*** THE DATA ***

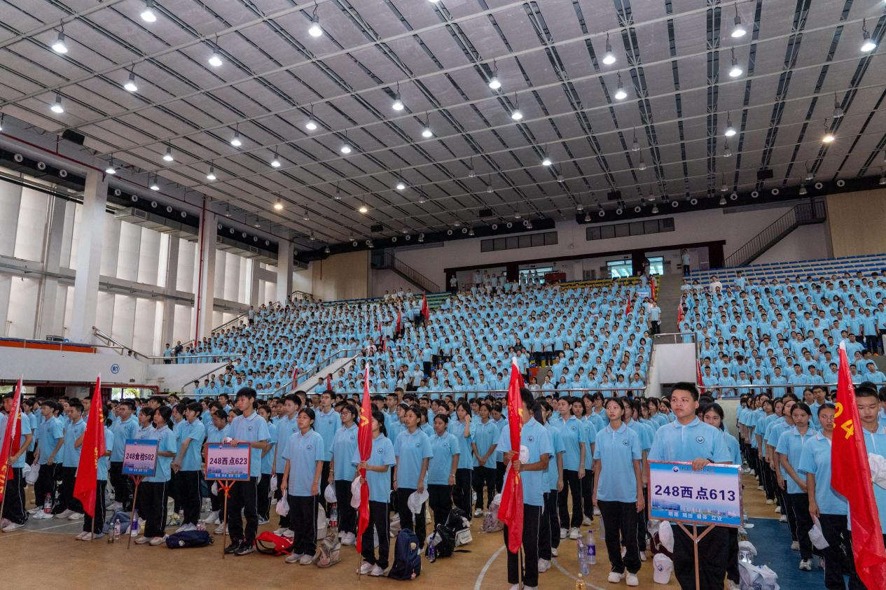 9月1日上午,我院北校区2024级新生军训开营仪式在篮球馆举行。学院党委副书记、副院长赵海吉,党委委员、副院长高民权,党委委员、现代服务系主任温小宁,学生处主任李春香,黄圃武装部相关领导,各教学系主任、副主任出席,1500余名新生参加了开营仪式。
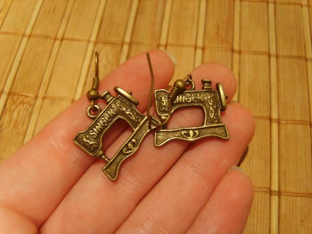 Vario spalvos smagūs auskarai su senovine siuvimo mašinyte Singer.
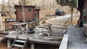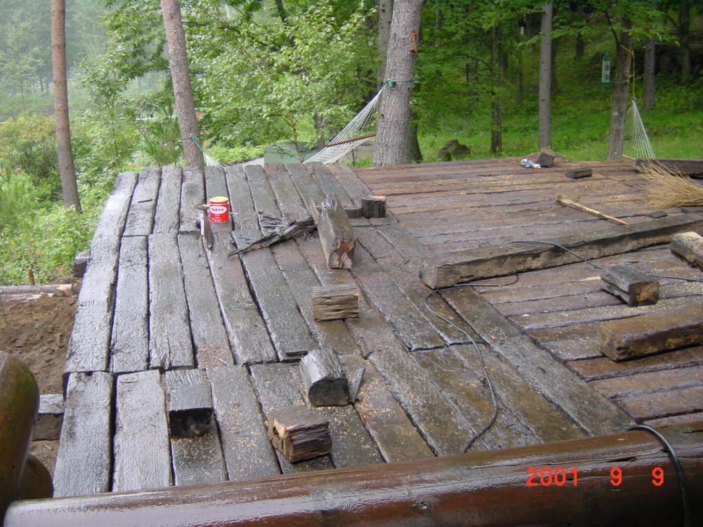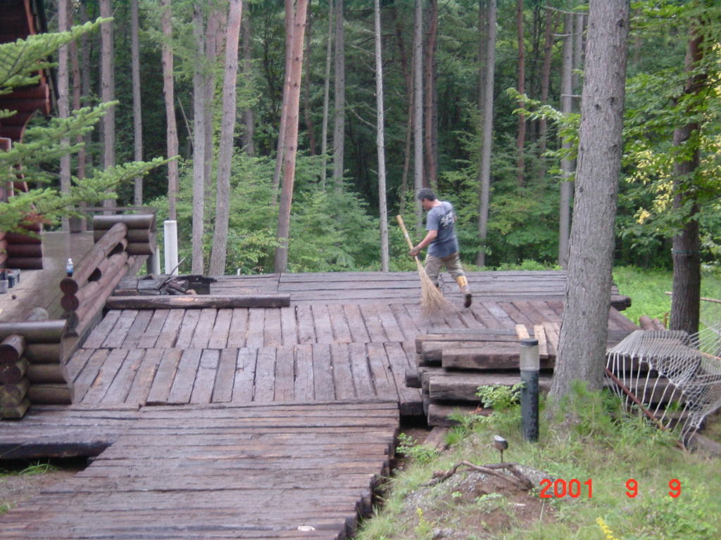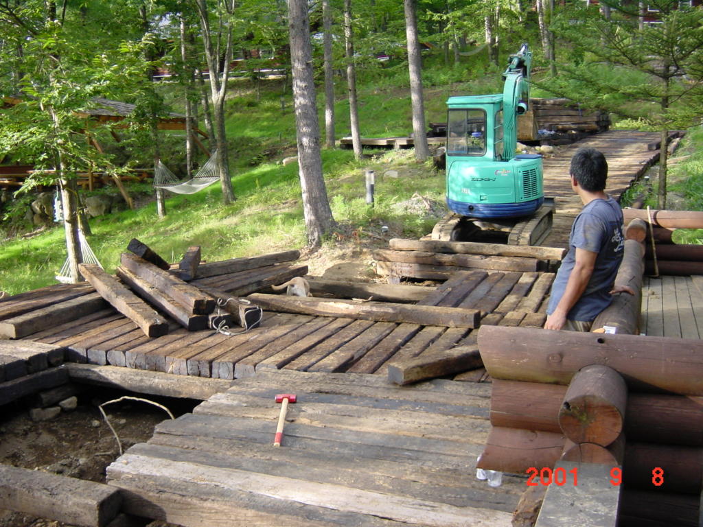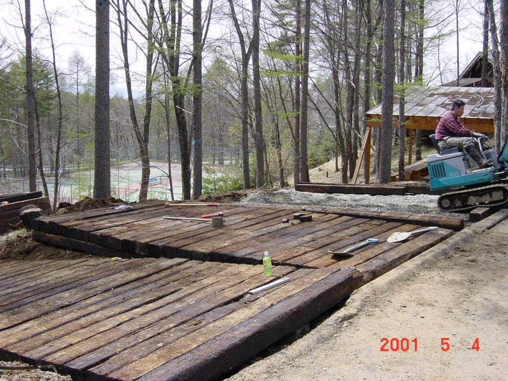 その年の9月の初めには、残った枕木で「テラス」を増設。あれから今年で早19年目。オフィス建設の際に大型ユンボの重量で数本が破損したが、建設業者さんが無料で破損分を交換してくれたため「追加コストまったくゼロ」で、D4の駐車場、焚き火やBBQのスペースとして「大活躍」してくれている。

*** End of THE DATA ***

EXERCISE REQUIREMENTS →
Print the whole listing again exactly, please. No pictures.

COMPLETED TASK →
 9月1日上午,我院北校区2024级新生军训开营仪式在篮球馆举行。学院党委副书记、副院长赵海吉,党委委员、副院长高民权,党委委员、现代服务系主任温小宁,学生处主任李春香,黄圃武装部相关领导,各教学系主任、副主任出席,1500余名新生参加了开营仪式。
 Vario spalvos smagūs auskarai su senovine siuvimo mašinyte Singer.
 その年の9月の初めには、残った枕木で「テラス」を増設。あれから今年で早19年目。オフィス建設の際に大型ユンボの重量で数本が破損したが、建設業者さんが無料で破損分を交換してくれたため「追加コストまったくゼロ」で、D4の駐車場、焚き火やBBQのスペースとして「大活躍」してくれている。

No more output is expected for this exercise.